The first section of the chapter begins by distinguishing between markets and market systems
and explains the role played by states to determine the extensive and intensive growth of a
market system.
The second section of the chapter details how states make market systems possible by making
the ground rules that permit market systems to work. The quality of these rules determines which
countries have the most productive economies.
The third and fourth parts of the chapter evaluate the advantages and disadvantages of market
systems. The advantages include extraordinary economic dynamism, high levels of productivity,
and evidence that market systems seem to enhance the prospects of democracy and political
rights.

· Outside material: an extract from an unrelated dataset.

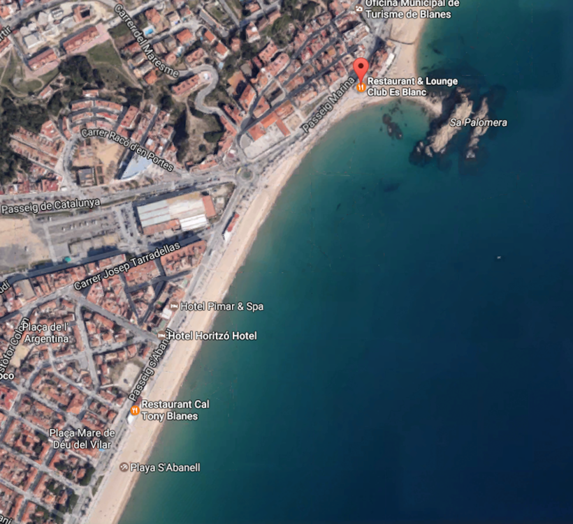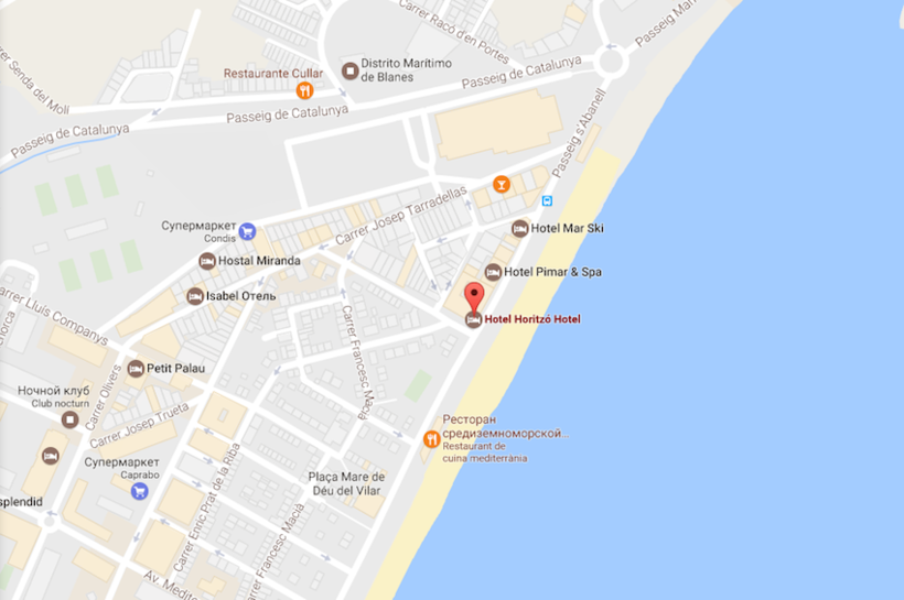 - Hotel Horitzo & Spa — громадина на берегу Средиземного моря, на главном пляже города. Поселиться получиться за 110 EUR в сутки. Адрес: Passeig de Abanell, 11 Blanes 17300. Пассеч де Абанель, 11 Бланес 17300

The disadvantages include susceptibility to periods of boom and bust, high levels of
economic inequality among individuals, and harmful spillover effects.
The chapter then turns to the shifting balance between states and markets. It explores why high
levels of state intervention were widely accepted after World War II but fell into disfavor in the
1970s as many developed countries encountered slow economic growth, inflation, and high
levels of inflation. Supporters of markets made the case that too much state intervention in the
economy created the problems, and a greater role for the market could cure them. The
enthusiasm for an expanded role for the market began to ebb with the onset of the great recession
in late 2007.
The next topic is globalization and the controversies it has caused. This section explains that
globalization was not simply the consequence of impersonal forces, but was promoted by
individuals and institutions that benefited from its expansion. These individuals and institutions
supported policies known as the Washington Consensus. The section evaluates the case for and
against the Washington Consensus, which is called “neo-liberalism” by critics.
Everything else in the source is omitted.